3.2.1. Parametric Modelling
For queue modelling, correlation is a feature that needs to be identified to see if it exists, as queueing models assume no correlation. We have applied extensive studies on these EDI messages around correlation. Please refer to our paper for further reading [
11].
When modelling EDI messages, we found many challenges. From these challenges, the classification model was born. The different elements of the classification model helped us answer a challenge we faced. For example, we could not tell what happened to a message as it was being translated. We did not know if a message was dependent on another message. We were challenged with modelling the data with a continuous distribution. We faced many challenges around the removal of correlation and trying to break the head and tail of the data at a suitable point to help parametric fitting.

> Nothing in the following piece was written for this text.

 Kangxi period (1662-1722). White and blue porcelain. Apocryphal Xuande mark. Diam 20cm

The classification model helped us iterate through the different techniques to help us address the challenges we faced. Our next set of sections will help bring the reader through our techniques based on these challenges.
Model By File Size
When testing a system, it is important to understand each message’s file size, as it gives an indication as to whether the message needs to be split for queue ingestion and the amount of disk space required. File size may influence service times. DevOps informed us that one of the inbound connectors does not allow a file size greater than 100 MB, and most file sizes are approximately 20 kilobytes in size.

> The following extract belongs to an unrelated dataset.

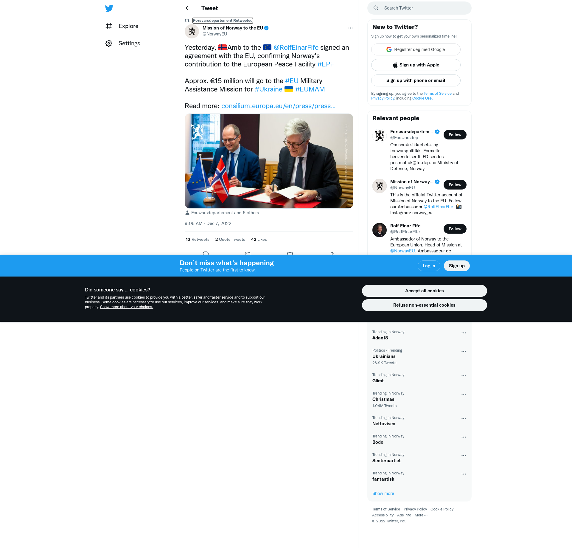 RT @NorwayEU: Yesterday, 🇳🇴Amb to the 🇪🇺 @RolfEinarFife signed an agreement with the EU, confirming Norway's contribution to the European Peace Facility #EPF\n\nApprox. €15 million will go to the #EU Military Assistance Mission for #Ukraine 🇺🇦 #EUMAM\n\nRead more: https://t.co/rD6AiEVuns https://t.co/hSGuxDdRwi

When modelling by file size, we applied the classification model to our data as per
Figure 5.
Figure 7 displays the model chosen that allowed us to successfully fit a parametric distribution to our data. We picked data from the “Normal Period” and partitioned the data into its head and tail using a size of 10,000,000 B as the boundary. We then took a random sample from the dataset.
Table 7 gives the count of data per partition before we implemented a random sample on the model. We note that we captured the majority of the data in the head.

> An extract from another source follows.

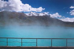 羊八井位于西藏拉萨市西北91.8公里的当雄县境内。过去只是一块绿草如茵的牧场,从地下汩汩冒出的热水奔流不息、热汽日夜蒸腾。热田地势平坦,海拔4300米南北两侧的山峰均在海拔5500~6000米以上,山峰发育着现代冰川,藏布曲河流经热田,河水温度年平均为5℃,当地年平均气温2.5℃。去羊八井主要是体验高海拔地区的温泉浴,洗去西藏旅游的一身征尘及疲劳。

Figure 8 shows a histogram of our data both before and after the partition. The plot to the top left shows the data before partitioning. The plot to the top right shows the results of a random sample from the head. We can see that the shape of the histogram shows signs of fitting into a uniform distribution. The plot to the bottom left shows the tail of the data.
We use a Chi-square GoF test for the head of the data (see
Table 8). This indicates that with
<
p-value 0.05, it appears that a uniform distribution may be a reasonable model for the head of the distribution.
Model Batch By Category
Service Time Modelling
When simulating service and inter-arrival times, it is important to know if the queue will ingest a message as a single message or as a batch of messages. This is because a batch arrival would be a clear type of interdependence between messages that would be relevant for queue modelling. DevOps informed us that certain messages (“Flat Translation” or “Batch Translation”) should be considered batch messages based on their “Category” attribute. These messages should be split into smaller files and sent into the system as a batch. All other messages should be considered non-batch type messages. When we inspected the data, we found evidence that the messages for flat translation and batch translation were both single messages and batch-type messages. Based on these initial comments from DevOps, we went ahead and modelled the service times of these messages.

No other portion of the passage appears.